Kepergian Al-Haddad dan Arah Baru Politik Libya
Kematian Kepala Staf Umum Libya, Jenderal Mohammed Ali Ahmed al-Haddad, dalam kecelakaan pesawat di Turki pada Desember 2025 menjadi duka nasional sekaligus momen krusial bagi masa depan politik dan keamanan Libya. Sosok yang dikenal relatif moderat ini meninggalkan jejak penting dalam upaya menyatukan institusi militer negara yang terbelah sejak perang saudara.
Al-Haddad selama ini menjabat sebagai Kepala Staf Umum di bawah Pemerintah Persatuan Nasional atau GNU yang berbasis di Tripoli.
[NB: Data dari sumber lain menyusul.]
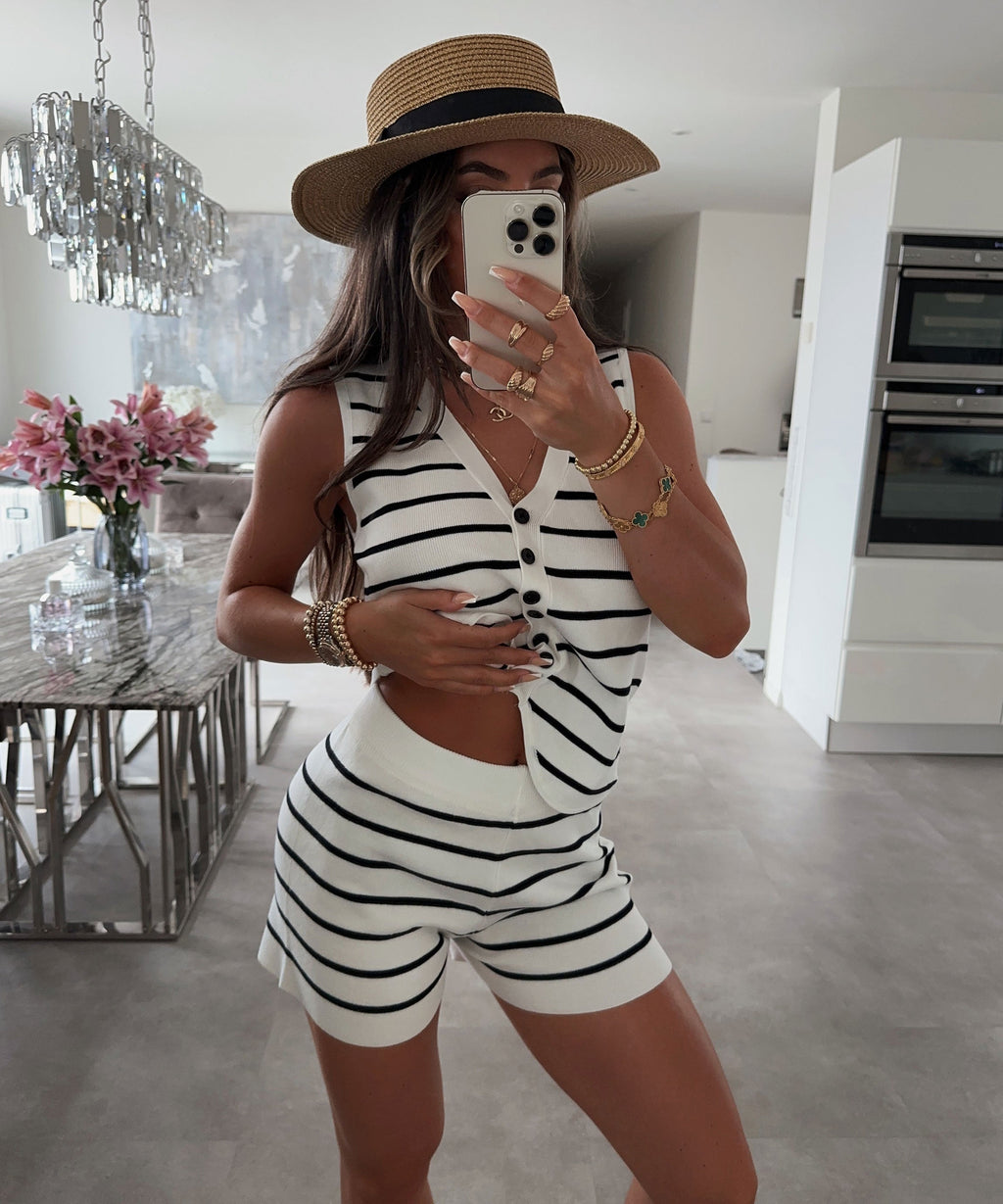 Hailee - Gestreiftes Top und kurzer Satz bieten ein verspieltes, aber stilvolles Ensemble, perfekt für warmes Wetter. Mit ihrem einzigartigen gestreiften Muster verspricht dieses Set, dich schick und komfortabel zu halten, egal ob du am Strand bist oder Besorgungen machst. Der weiche Stoff sorgt für eine kühle, lässige Passform, die dich den ganzen Tag über wohlfühlen lässt.

Dalam posisi tersebut, ia bukan hanya menjadi aktor militer, tetapi juga figur politik yang memainkan peran penyeimbang di tengah persaingan tajam antara Libya Barat dan Libya Timur.
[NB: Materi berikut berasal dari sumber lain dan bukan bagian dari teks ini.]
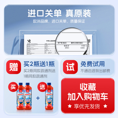 【买二送一】原装进口膜太管道疏通剂,600ml/瓶,清新去除异味,强力除垢,杀菌消毒,快速溶解高效去油去渍~!趁着便宜囤起来,万一哪天家里下水道堵了,不用干着急!【送运费险】
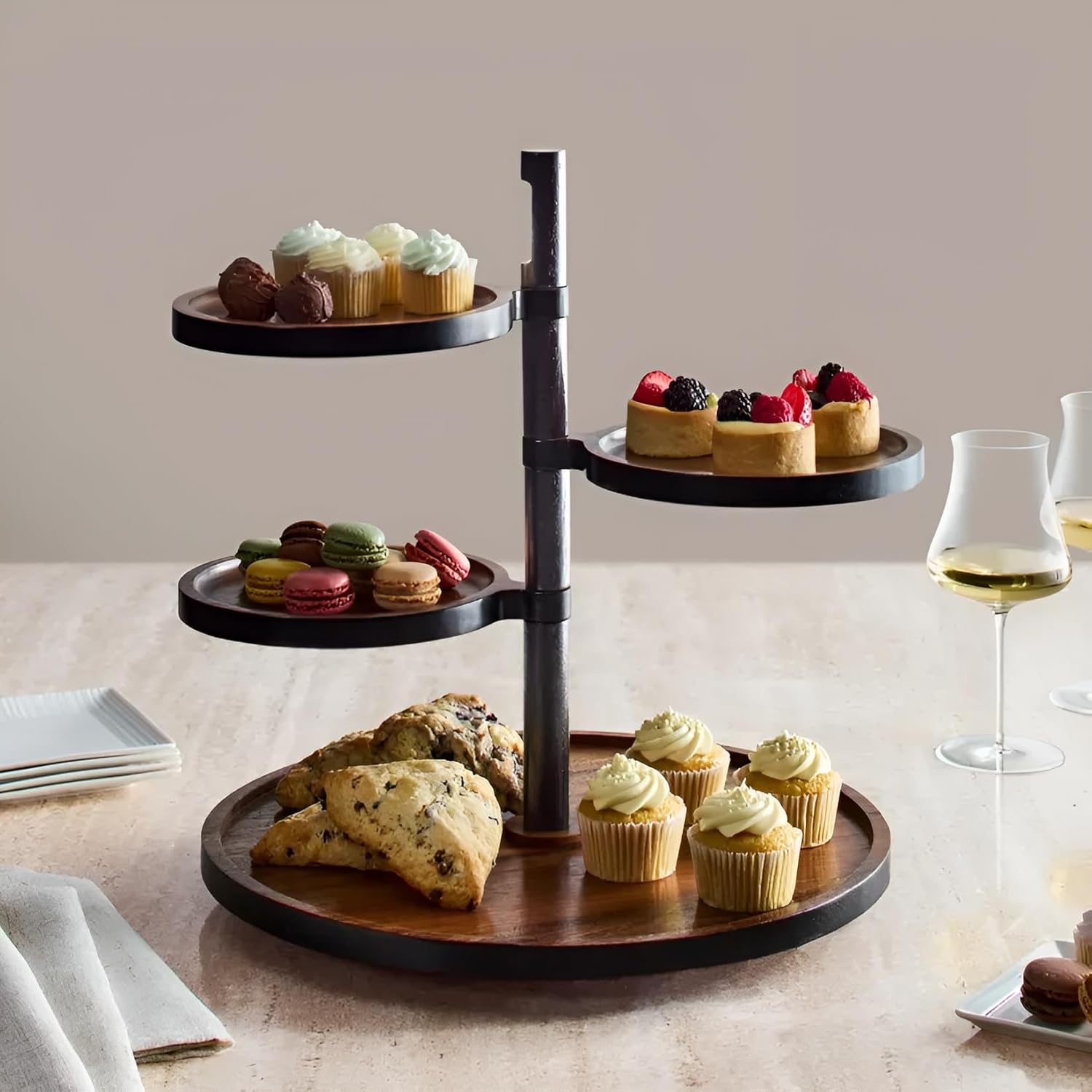 Make your next gathering effortless and stylish with the Wine Enthusiast Adjustable Tiered Server with Lazy Susan Base, the perfect serveware solution for entertaining at home. Whether you’re planning a casual cocktail hour, a full-scale party or a cozy dessert spread, this versatile piece adapts to your needs with elegance and ease. Crafted from rich acacia wood with sleek, black-finished edges, this server combines warmth and sophistication. The bottom tray serves as a stable Lazy Susan rotating board, making all your treats accessible from every angle for dining tables, buffets, or kitchen counters. Attach one, two, or three tiers to the center pole depending on the space available or how elaborate your display needs to be.

Kepergiannya langsung memicu spekulasi mengenai siapa yang akan menggantikan posisinya. Secara prosedural, tugas Kepala Staf Umum untuk sementara diambil alih oleh deputinya, sembari menunggu keputusan resmi dari otoritas politik dan militer di Tripoli. Penunjukan pengganti tetap diperkirakan akan melalui proses yang sensitif dan penuh pertimbangan politik.
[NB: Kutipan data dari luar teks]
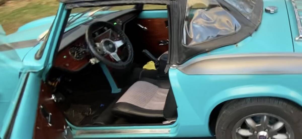 The interior was originally trimmed in vinyl and the car came standard with a folding soft–top. In 1979, the Spitfire received a few minor changes, including a new grille and bumper, revised rear lights and suspension, and a new instrument cluster. This car has obviously been modified so I am not sure what is stock and what is custom. This Spitfire is said to run and drive great.
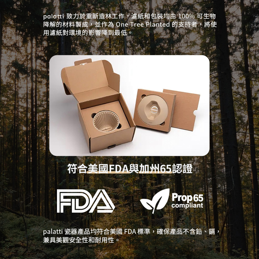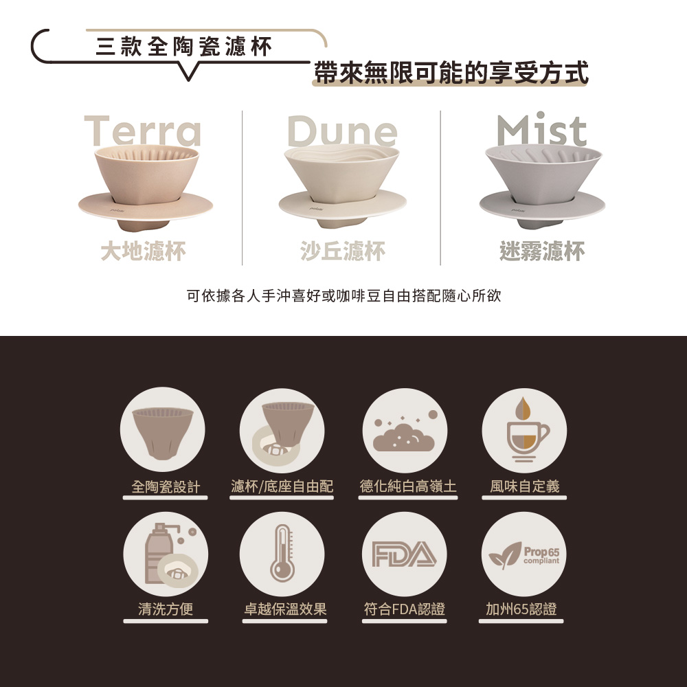 【palatti】Dune沙丘濾杯,採用德化瓷製成,在 1300°C 的高溫下燒製而成,不含鉛、不含鎘,可用洗碗機清洗,並符美國FDA 和 加州65提案的標準。平底有5個大孔和波浪肋條,波浪狀肋條設計,調節水流均勻萃取包覆粉層,確保每次都能均勻萃取、中等流量和均衡、細膩的口感,即使是新手也能輕鬆沖煮,享受風味飽滿的咖啡體驗,palatti咖啡濾杯為專利模組化設計,可互換其他款palatti濾杯及底座,進行多種不同沖煮變化。

Namun yang membuat wafatnya al-Haddad begitu berdampak adalah perannya dalam Komite Militer Gabungan 5 + 5. Forum ini mempertemukan lima perwakilan militer dari kubu Tripoli dan lima perwakilan dari kubu timur yang dipimpin Khalifa Haftar, sebuah mekanisme langka di tengah konflik panjang Libya.
Sejak dibentuk pasca-gencatan senjata 2020, Komite 5 + 5 menjadi satu-satunya forum efektif yang mampu menjaga stabilitas relatif di garis depan konflik. Al-Haddad dikenal sebagai figur yang konsisten mendorong dialog dalam forum ini, bahkan ketika tensi politik meningkat di tingkat pemerintahan.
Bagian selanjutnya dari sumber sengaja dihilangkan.